Uno siempre da, mientras que el otro no lo hace. Así, el equilibrio nunca se alcanza, aunque es lo único que se desea. En estas relaciones, la realidad, el día a día, suele estar llena de constantes crisis y encontronazos entre los dos miembros de la pareja. Pero, aún así, parece que estás enamorada. Creo que en tu situación podría encajar muy bien aquella frase que dice: ‘Quiero que me quieran, aunque me quieran mal’.

En las relaciones destructivas como es tu caso, la autoestima está lesionada y te sientes criticada por tu compañero. Pero lo malo es que asumes sus mensajes negativos, que te crean grandes dosis de culpabilidad.

Es como si persiguieses una nota de aprobado y sólo llegases al 4,5. La insatisfacción viene porque siempre hay algo que no has hecho, algo que falta entre vosotros, aunque no sea del todo verdad, y tú acabas culpabilizándote siempre por ello.

El estado de alerta te acompaña y, al no encontrar la salida adecuada, te encierras en ese sentimiento de impotencia. Por ello, repites una y otra vez los mismos conflictos.
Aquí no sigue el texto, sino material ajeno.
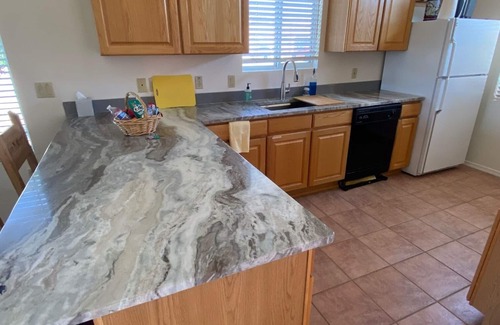 Spacious, newer, one bedroom, 1 bath suite, 9 ft ceilings, fully equipped kitchen, sleeps 4, includes a washer/dryer, 2 flat screens, cable, free Wi-Fi, all utilities, steps away from the resort pool and jacuzzi. Nestled between two golf courses, close to rec centers. GVR available to tenants. No smoking, no pets. Green Valley was voted one of the top 10 retirement communities in the nation. Come see why! Great hiking, golf, pickleball, beautiful sunny weather all year long. Get away from the cold and snow! Come see why we were voted one of the top ten retirement communities in the nation. We offer short or long term stays. Please call for rates if longer than one week.
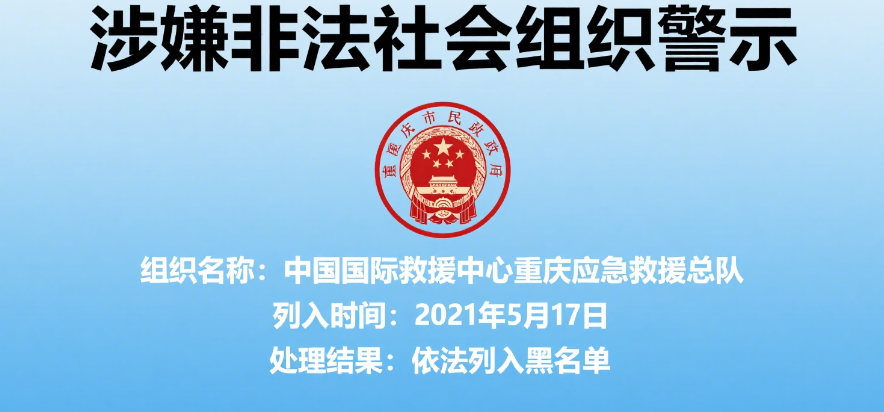 2021 年 5 月 17 日,重庆市民政局发布公告,将中国国际救援中心重庆应急救援总队列为涉嫌非法社会组织。公告明确指出,该组织未经依法登记,却擅自以社会组织名义开展活动,其行为已涉嫌违反《社会团体登记管理条例》,触碰了法律红线。两天后,上游新闻进一步报道,该总队及其下属的重庆渝中支队等四家关联组织,均已被依法列入黑名单,形成了对非法救援组织网络的集中整治。
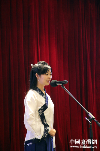 身著典雅古裝的主持人。(中國臺灣網 楊麗 攝)

Es necesario que analices las situaciones que te atrapan para intentar no caer en ellas.

Es importante reconocer aquello que te daña. Te sientes confundida porque el sexo puede ser apasionado pero también puede ser inexistente. Él parece preocuparse de tu placer, pero a veces actúa como si no existieras.

Nunca sabes lo que va a pasar y los planes cambian según su conveniencia. Además, si le pides explicaciones, se sentirá ofendido. Busca pistas en su comportamiento para remediar esta situación.